Minister of Health and Welfare
- In office 4 July 2000 – 5 December 2000
- Prime Minister: Yoshirō Mori
- Preceded by: Yuya Niwa
- Succeeded by: Chikara Sakaguchi
- In office 28 February 1990 – 29 December 1990
- Prime Minister: Toshiki Kaifu
- Preceded by: Saburō Toida
- Succeeded by: Shinichirō Shimojō

Member of the House of Representatives
- In office 5 December 1976 – 21 July 2009
- Preceded by: Takudō Nakamura
- Succeeded by: Hokuto Yokoyama
- Constituency: Former Aomori 1st (1976–1996) Aomori 1st (1996–2009)

Personal details
- Born: Yuji Shima 24 January 1930 Suginami, Tokyo, Japan
- Died: 25 October 2023 (aged 93) Tokyo, Japan
- Party: Liberal Democratic
- Spouse: Sonoko Tsushima
- Children: Jun Tsushima
- Relatives: Osamu Dazai (father-in-law) Yūko Tsushima (sister-in-law)
- Alma mater: University of Tokyo Syracuse University

= Yūji Tsushima =

Japanese politician (1930–2023)

Yūji Tsushima (津島 雄二, Tsushima Yūji) was a Japanese politician who served in the House of Representatives in the Diet (national legislature) as a member of the Liberal Democratic Party.

== Early life and career ==
Tsushima was born in Tokyo Prefecture as Yuji Shima and adopted his mother's family name at age 3, becoming Yuji Ueno.
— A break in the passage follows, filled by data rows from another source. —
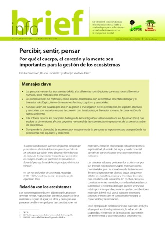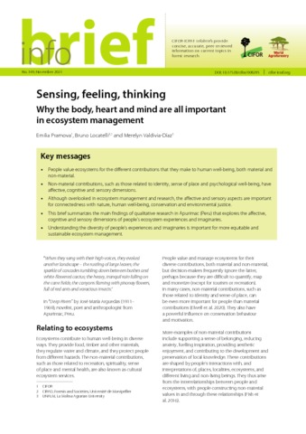 Pramova Emilia, Locatelli Bruno, Valdivia-Díaz Merelyn. 2021. Sensing, feeling, thinking: Why the body, heart and mind are all important in ecosystem management. Bogor : CIFOR, 8 p. (CIFOR infobrief, 349)
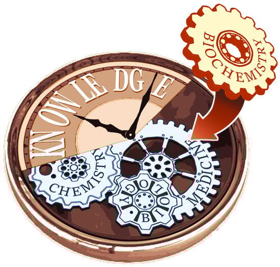 This collection of Special Issue papers collectively illustrate biochemistry’s central role in addressing global challenges—environmental monitoring, sustainable production, drug development and health diagnostics (Figure 1). The papers emphasize the interplay between molecular mechanisms, translational applications and interdisciplinary collaboration, showcasing biochemistry as a dynamic field at the boundary between life sciences, medicine and sustainability. Allegorically, biochemistry represents a key cog in the “clock of the knowledge”, dynamically joining several scientific fields, such as chemistry, biology and medicine, among others, for perfect shared innovation and development (Figure 2).
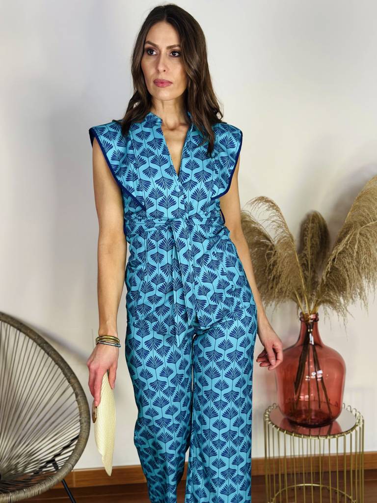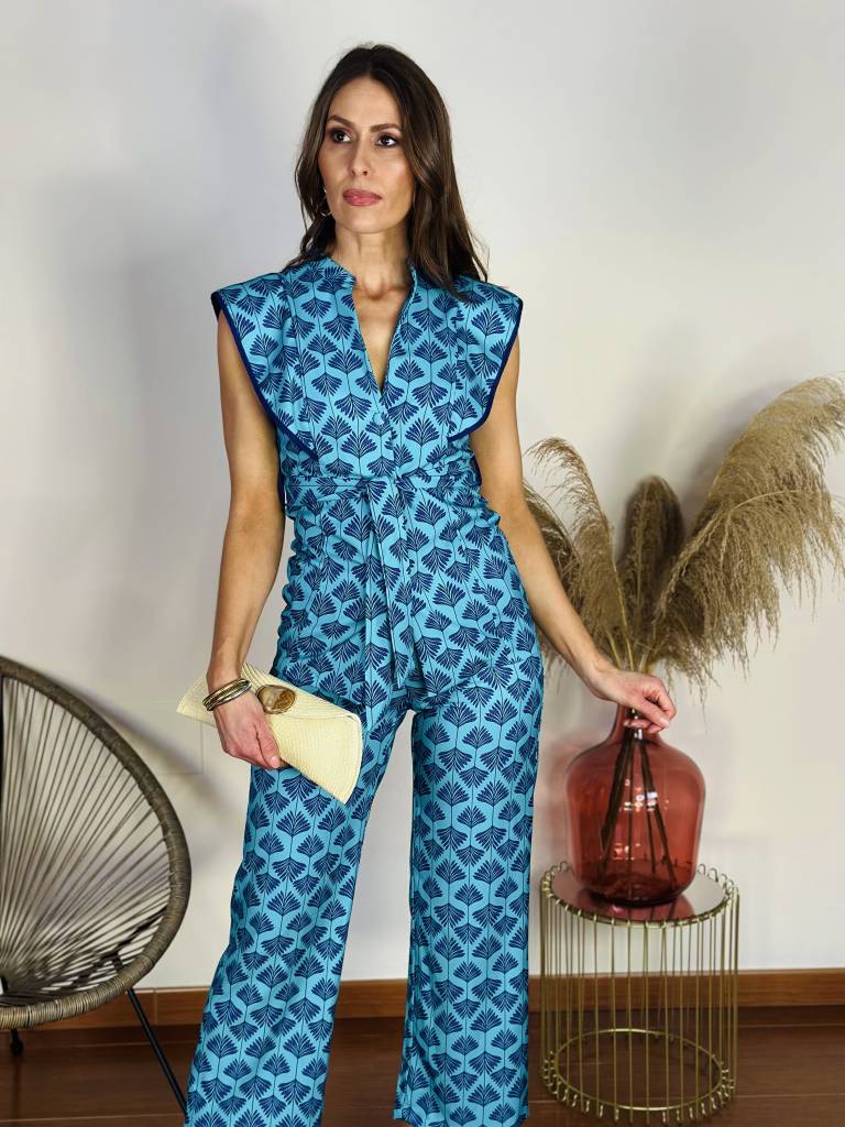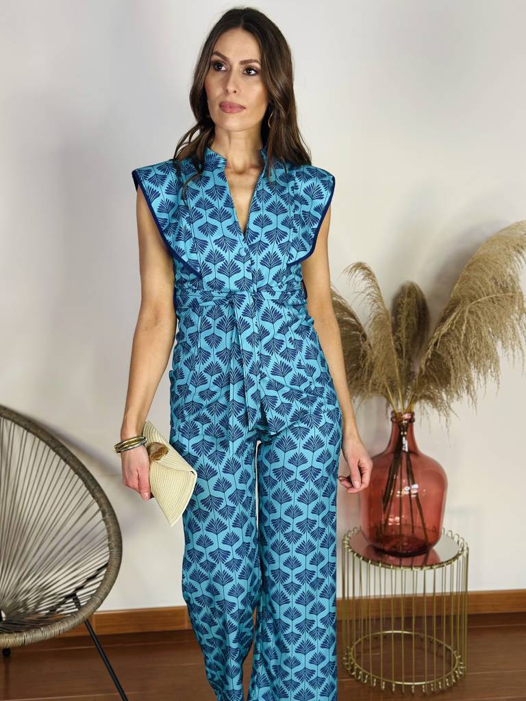 Conjunto chaqueta sin mangas cuello mao botones y lazada,pantalón recto tobillero con botón,cremallera y goma en cintura trasera.

He attended the University of Tokyo and passed the bar exam while still in college. In 1953, he joined the Ministry of Finance. During this time he attended Syracuse University in the United States as a part of the Fulbright Program.

Tsushima worked in the Japanese Embassy in Paris from 1963 to 1967. While stationed in Paris, he adopted the Tsushima family name upon his marriage to Sonoko Tsushima, the daughter of writer Osamu Dazai (Shuji Tsushima) and niece of politician Bunji Tsushima.
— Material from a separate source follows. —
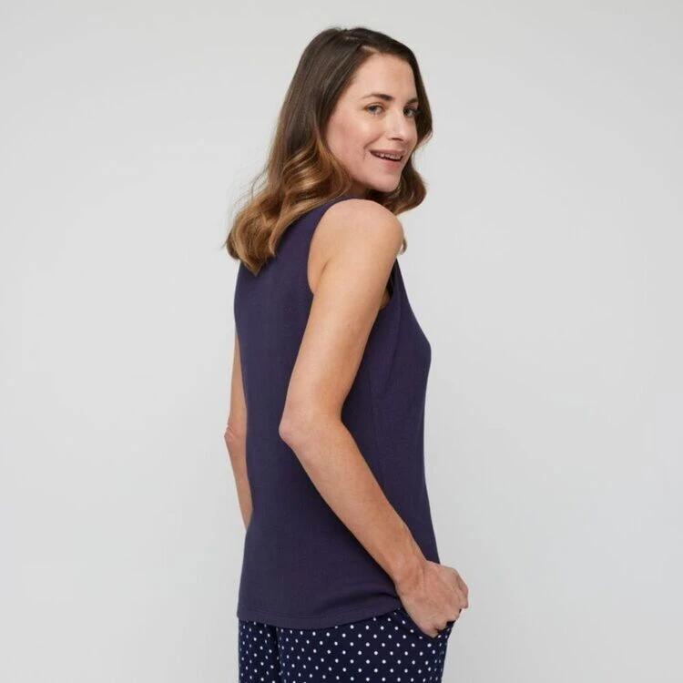 The Sash & Rose Women’s Everyday Cotton Rib Tank Top features a buttoned neck placket and is available in various solid colours, a perfect basic for relaxing at home and being comfortable in bed. This sleeveless top is breathable, lightweight and composed of 100% cotton, perfect for warm nights. Exclusive to Harris Scarfe, Sash & Rose introduces a brand new Summer Sleepwear range that is comfortable and specifically tailored to the needs of our loyal customers. Stay cosy and on trend with Sash & Rose Sleepwear, available in-store and online at Harris Scarfe.

Leaving the ministry in 1974, he was elected to the House of Representatives in 1976, representing Aomori Prefecture. He served as the Minister of Health in 1990 and 2000.

Tsushima was elected to head the LDP faction of former Prime Minister Ryutaro Hashimoto in 2005 following Hashimoto's resignation amid a 100 million yen political funds scandal.

On 19 July 2009, after 33 consecutive years in office, Tsushima announced that he had no plan to run in the following election. His seat was taken over by opposition candidate Hokuto Yokoyama in the 2009 general election.

Tsushima registered as an attorney in 2005 (while still in office), joining the Tokyo law firm of Tanabe & Partners, and remained a partner at the firm following his resignation. In March 2010 he was appointed a special advisor to Shinsei Bank.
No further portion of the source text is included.